The groundtaker’s drying angle is governed by the slope of the seabed
Most people sail past Lyme, but it has a good range of visitors’ moorings and facilities, and is a great place to stop off and break up the haul up – or down-Channel.

Fin and long-keelers can be tended to lean against the wall
Lyme’s harbour is sand with a covering of sticky mud: the sand is hard and ideal for drying out on, and the mud makes for a softer landing – though it is messy for walking ashore.
Drying out against a wall: a step-by-step guide

1. Andrew double-checks the depth sounder and the chartplotter carefully.

2. Colin and Andrew string Summer Breeze’s fenders fore-and-aft along the hull to stop them popping out either side of a pile. You may need a fender board to keep your topsides clear of protruding snags on the wall.

3. Andrew rigs long lines at the bow and stern. Long lines allow the boat to rise and fall while still being held securely alongside.

4. Colin approaches the wall, aiming to come alongside a ladder. He threads the stern-line through a ring, while Andrew does the bow line.

5. With the boat secured alongside, Colin checks the depth with a boathook to make sure it is even and there are no troughs left by earlier boats.

6. Andrew adds springs to counter the tidal stream and keep the boat from moving around too much. On a fin-keeper, you may need to take a halyard ashore or put some weight on the wall side of the boat to make sure she heels slightly towards the wall.

7. With long lines (red in the picture), you shouldn’t need to do anything as the tide drops. But if you’re using breast lines, you will need to adjust them every minute to avoid the boat hanging from her cleats.

8. Once she’s taken the ground, you can relax, head ashore or get the scrubbing brush out, ready for the water to recede enough to get to work.
Protruding quays
Difficulties can arise when a quay wall has a protruding base. This is unlikely to present a problem to a mono-keeper, but could deliver a nasty shock to a bilge- or twin-keeled if one of the keels catches on it. This applies to catamaran rudders too, and modern centre-boarders with twin rudders.
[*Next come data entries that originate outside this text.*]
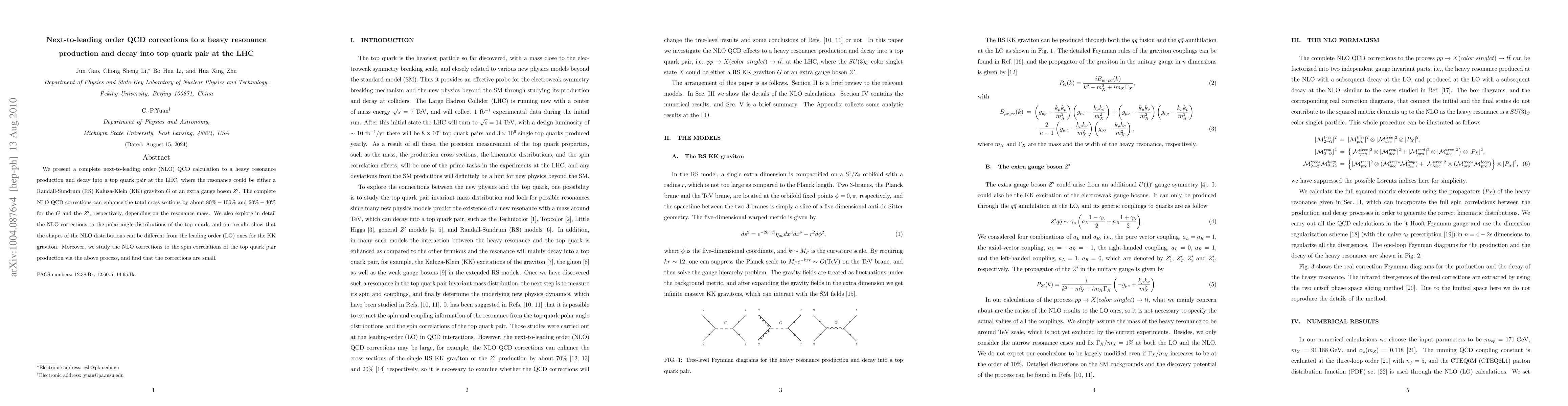 We present a complete next-to-leading order (NLO) QCD calculation to a heavy resonance production and decay into a top quark pair at the LHC, where the resonance could be either a Randall-Sundrum (RS) Kaluza-Klein (KK) graviton $G$ or an extra gauge boson $Z'$. The complete NLO QCD corrections can enhance the total cross sections by about $80\%- 100\%$ and $20\%- 40\%$ for the $G$ and the $Z'$, respectively, depending on the resonance mass. We also explore in detail the NLO corrections to the polar angle distributions of the top quark, and our results show that the shapes of the NLO distributions can be different from the leading order (LO) ones for the KK graviton. Moreover, we study the NLO corrections to the spin correlations of the top quark pair production via the above process, and find that the corrections are small.
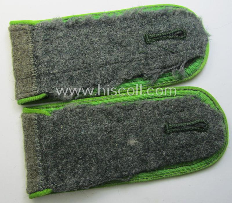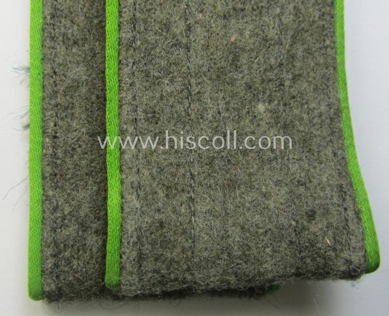 This is an attractive - fully matching and (I deem) just minimally or even never used - pair of typical, later-war-period, WH (Heeres) so-called: 'M44'-styled (ie. 'simplified') enlisted-mens'-type shoulderstraps as was piped in the neat bright-green- (ie. 'wiesen- o. hellgrüner'-) coloured branchcolour as was intended for a: 'Soldat eines Panzergrenadiere-Regiments' (or: simple soldier who served within a later-war-period, infantry-related so-called: rifle-regiment) and that comes in an overall very nice- (ie. I deem just minimally used- ie. worn-), condition. The straps - which are approximately 11 cms. sized in length each - have the 'standard-pattern'- and/or typical, field-grey- (ie. somewhat earthen-brown-) coloured and/or woolen-based 'upperdecks' and show the neat bright-green- (ie. 'wiesengrüner'-) coloured and/or: 'silk-like'-type branchcolour (ie. piping) attached. The straps are constructed following the typical '1944 cloth-minimising production-manner' using different shades of wool and/or material (as can be seen on the pictures). The straps show some minimal staining simply caused by minimal wear and/or decades of storage only. It should be noted that all 'M44'-style, EM-pattern shoulderstraps are actually quite hard to encounter and can easily be graded 'scarce': the ones as intended for the 'Panzergrenadier-Truppen' even more so! Simply a nice occasion to acquire an attractive - and fully 'text-book'! - M44-styled, enlisted-mens'-type shoulderstrap-pair as was intended for usage by a: 'Soldat eines Panzergrenadiere-Regiments': great to complete any later-war M44- (ie.even M43-) model 'Heeres'-tunic!
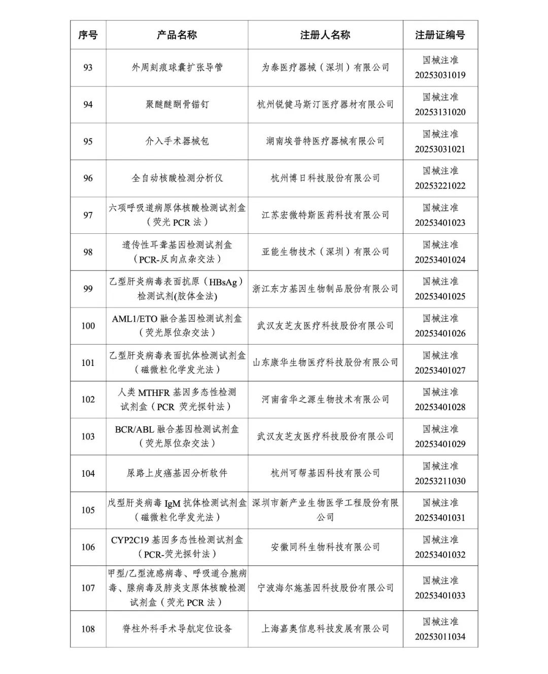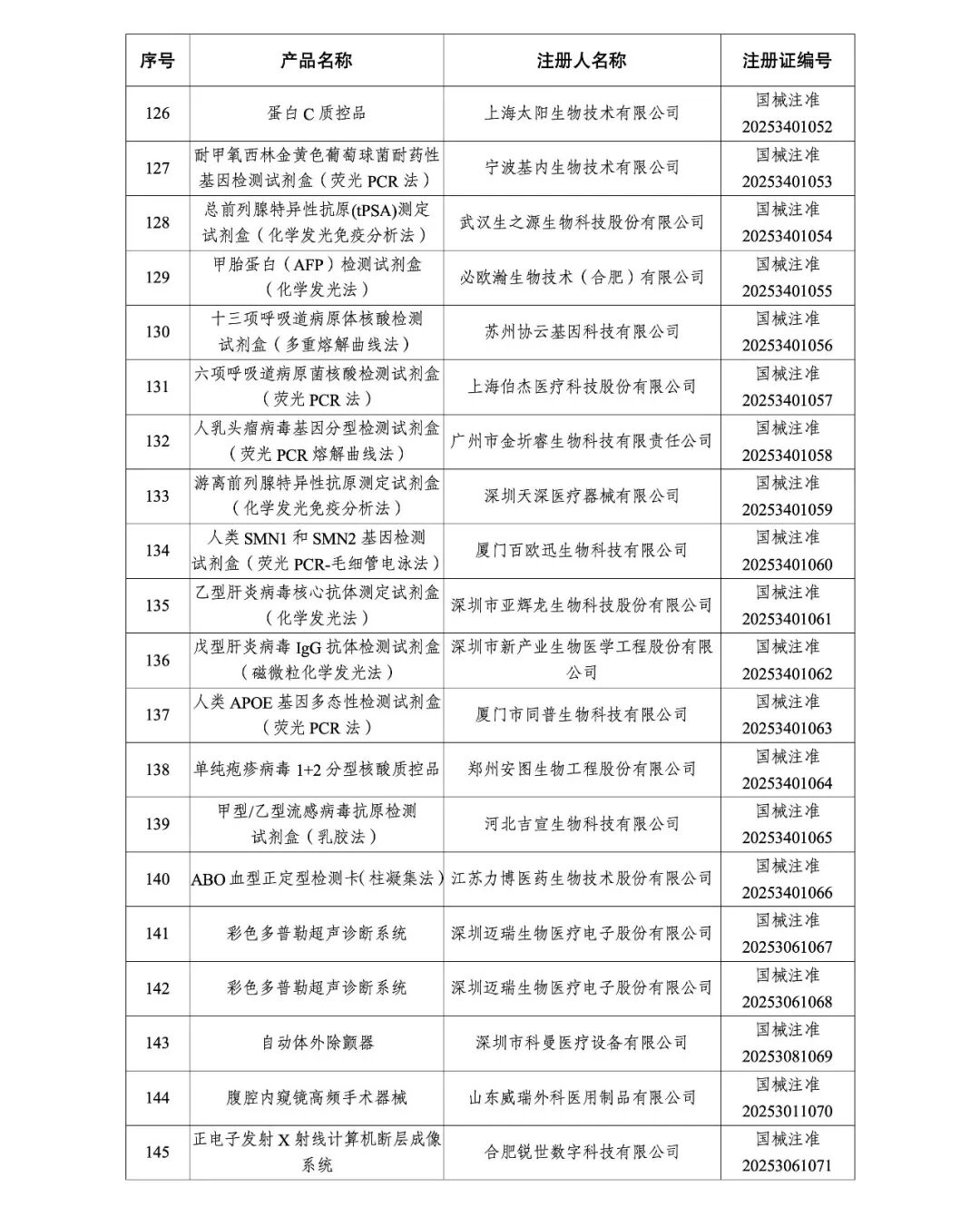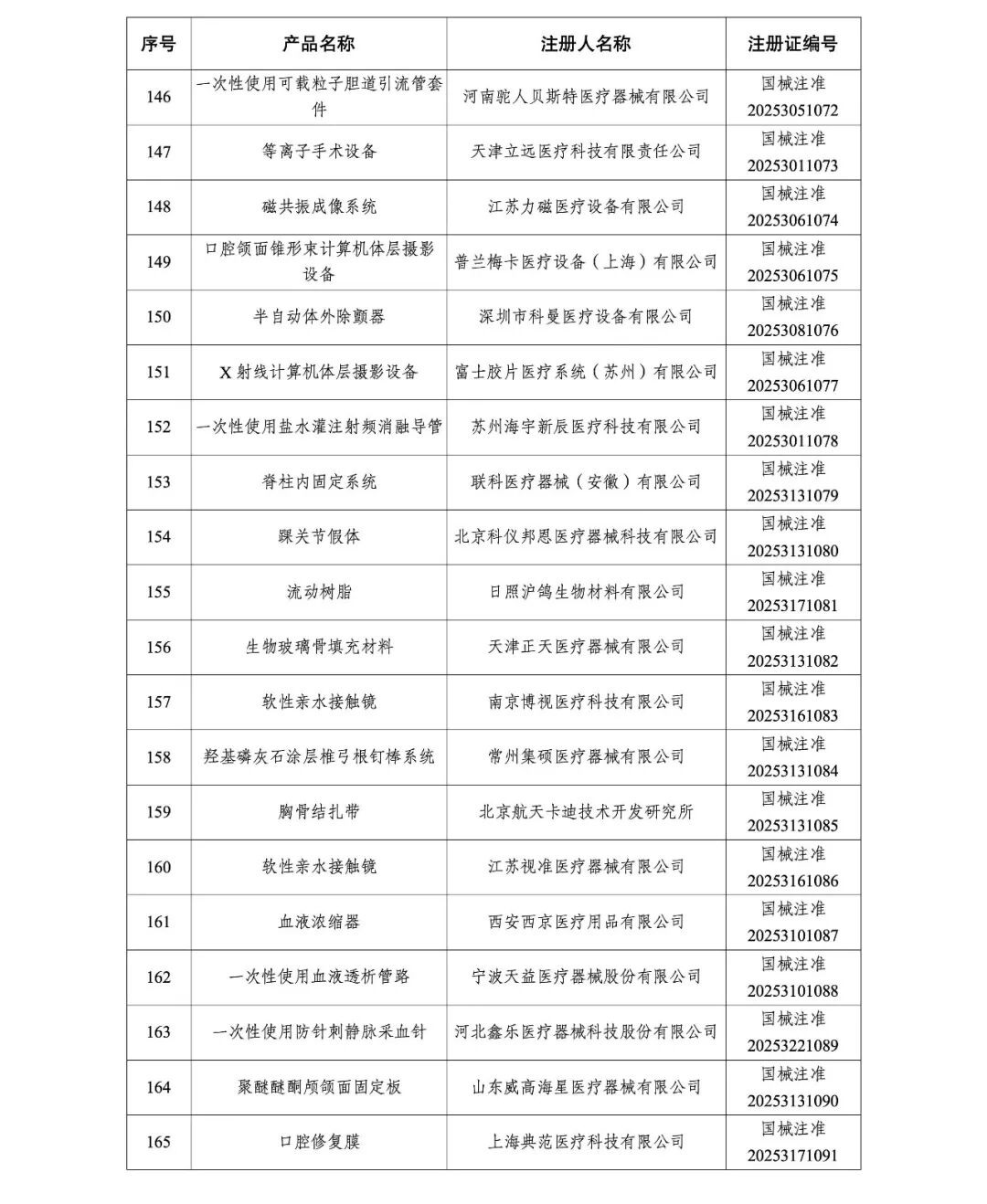 其中,境内第三类医疗器械产品189个,进口第三类医疗器械产品22个,进口第二类医疗器械产品23个,港澳台医疗器械产品2个。
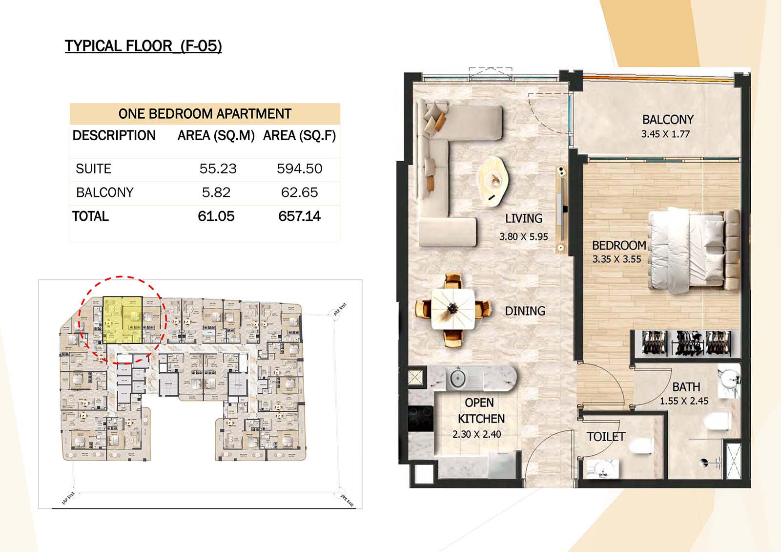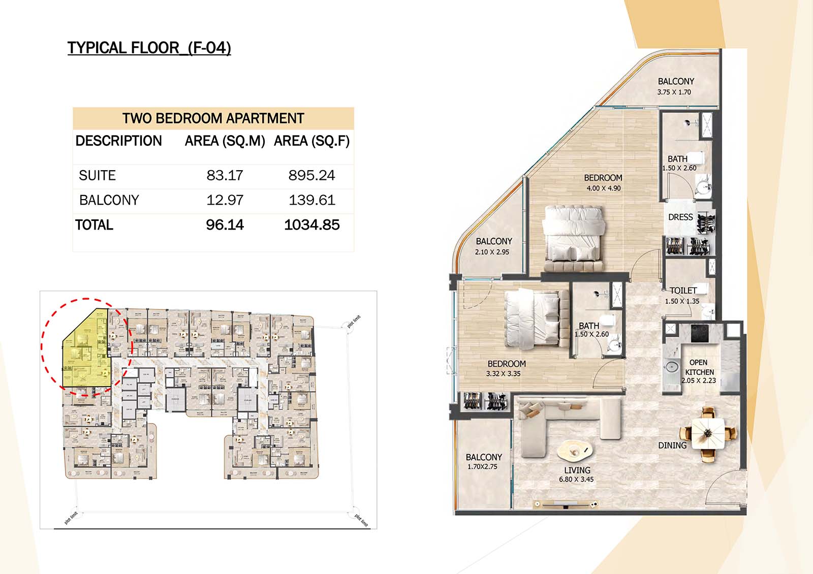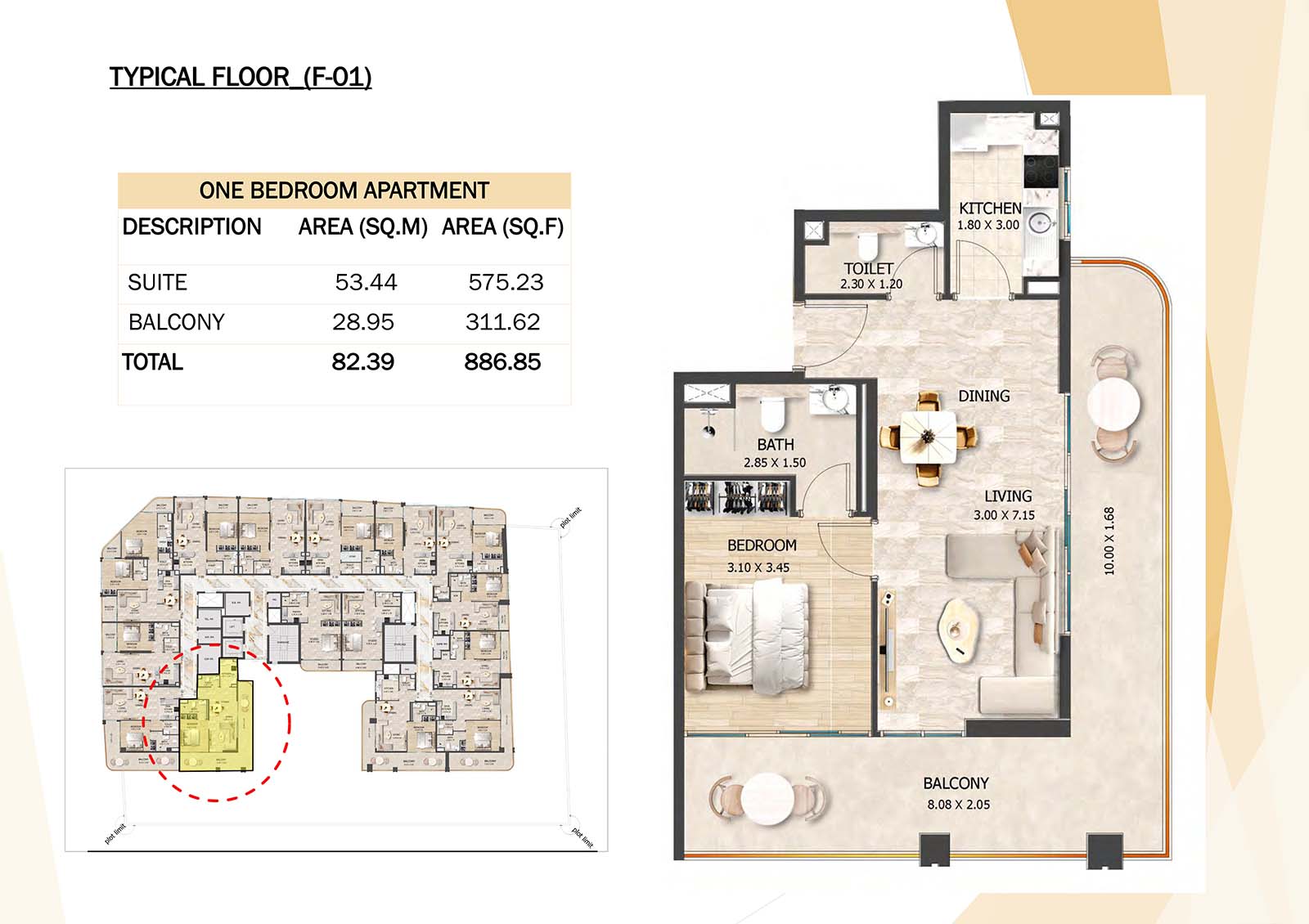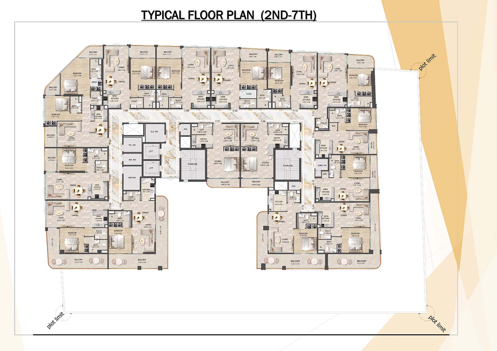 Crystal Tower floor plan with studio, 1, 2 and 3-bedroom apartments stands as a remarkable and luxurious residential mid-rise building. Units include spacious balconies, modular kitchen, and fully fitted bathrooms with quality fixtures and high-end amenities.

A protrusion at the base of a wall can spell trouble for a groundtaker. A fenderboard saves the day. Credit: Richard Hare
Assuming the protrusion is not too big, it can be dealt with by a combination of a fender-board and extra fenders. A fender-board rigged outside a midships cluster of fenders means that we can then deploy more outside it, thereby doubling the distance of the hull from the quay.
The plumper the fenders, the more the distance. And if this doesn’t hold us away far enough then the deployment of a spinnaker pole, used as a second fender-board, can work wonders.
Drying out against piles
They might be becoming less common around our coast, but drying out on a scrubbing grid is a cheap way of cleaning the boat’s bottom or carrying out repairs, writes Ben Meakins.
Using them is not that different to drying out alongside a wall – but as all grids differ, it is worth bearing in mind some of the general principles. Ideally, you want to come alongside two piles to spread the load, but one will do.

Scrubbing or hosing off against piles is cheaper than a lift-out
Try to line the mast up with a pile – it’s a good position, usually directly over the keel and therefore the boat’s pivot point, to lash the pile to. Springs are important – pay particular attention to the angle of the adjacent slipway if there is one, and make sure the relevant spring is up to the job.
It is important to get the angle of heel right – and it can help to take a halyard ashore or put some weight on the sidedeck. Once she is settled, you can relax and get ready to scrub.